На основе научных работ радиационно-ускорительного центра РУЦ МИФИ [42–52] и ИТЭФ проводятся работы по проектированию и созданию макетного источника ионов водорода с энергиями 30 – 150 кэВ для имплантации протонов в подложки полупроводников большого диаметра (150 – 200 мм) с целью получения структур КНИ большого диаметра. К источнику протонов предъявляются следующие основные требования:
- повышенное, близкое к 100%, содержание в пучке атомарных ионов водорода;
- стабильность энергии протонов не ниже ±2 % при среднем токе пучка до 1 мА;
- большой срок службы, высокая надежность и стабильность работы, обеспечивающие конкурентоспособность имплантера по сравнению с известными аналогами;
- нечувствительность к продуктам крекинга масла;
- возможность формирования равномерного (не хуже ±5%) поля облучения на мишени диаметром до 100 – 150 мм.
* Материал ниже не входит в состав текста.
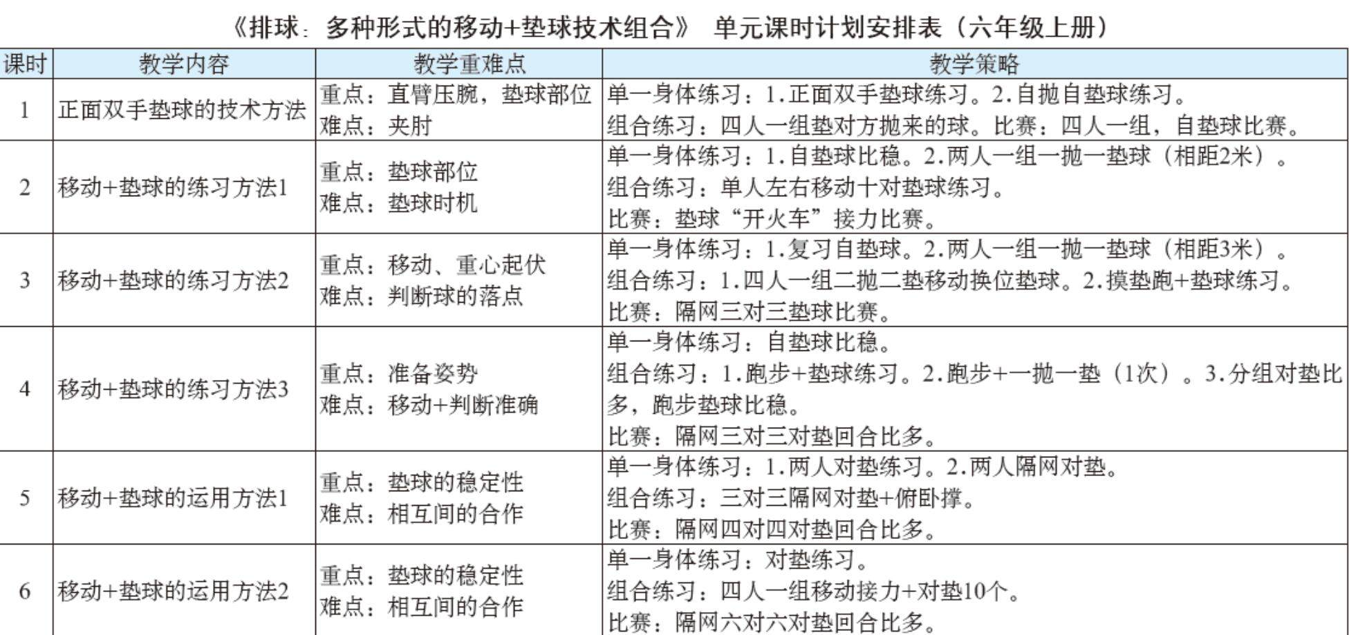基于“学、练、赛、评”的水平三排球(移动+垫球)教学设计

Для выбора прототипа источника водородных ионов имплантера проведены работы по адаптации имеющихся у исполнителя инжекторов ионов к поставленным задачам, включающим проектирование, изготовление и макетные испытания следующих типов источников: дуоплазмотрона, источника Пеннинга с холодным катодом, электронно-ионного источника плазменно-пучкового типа, ВЧ инжектора (рабочей частотой 36 МГц), СВЧ инжектора (рабочей частотой 2450 МГц).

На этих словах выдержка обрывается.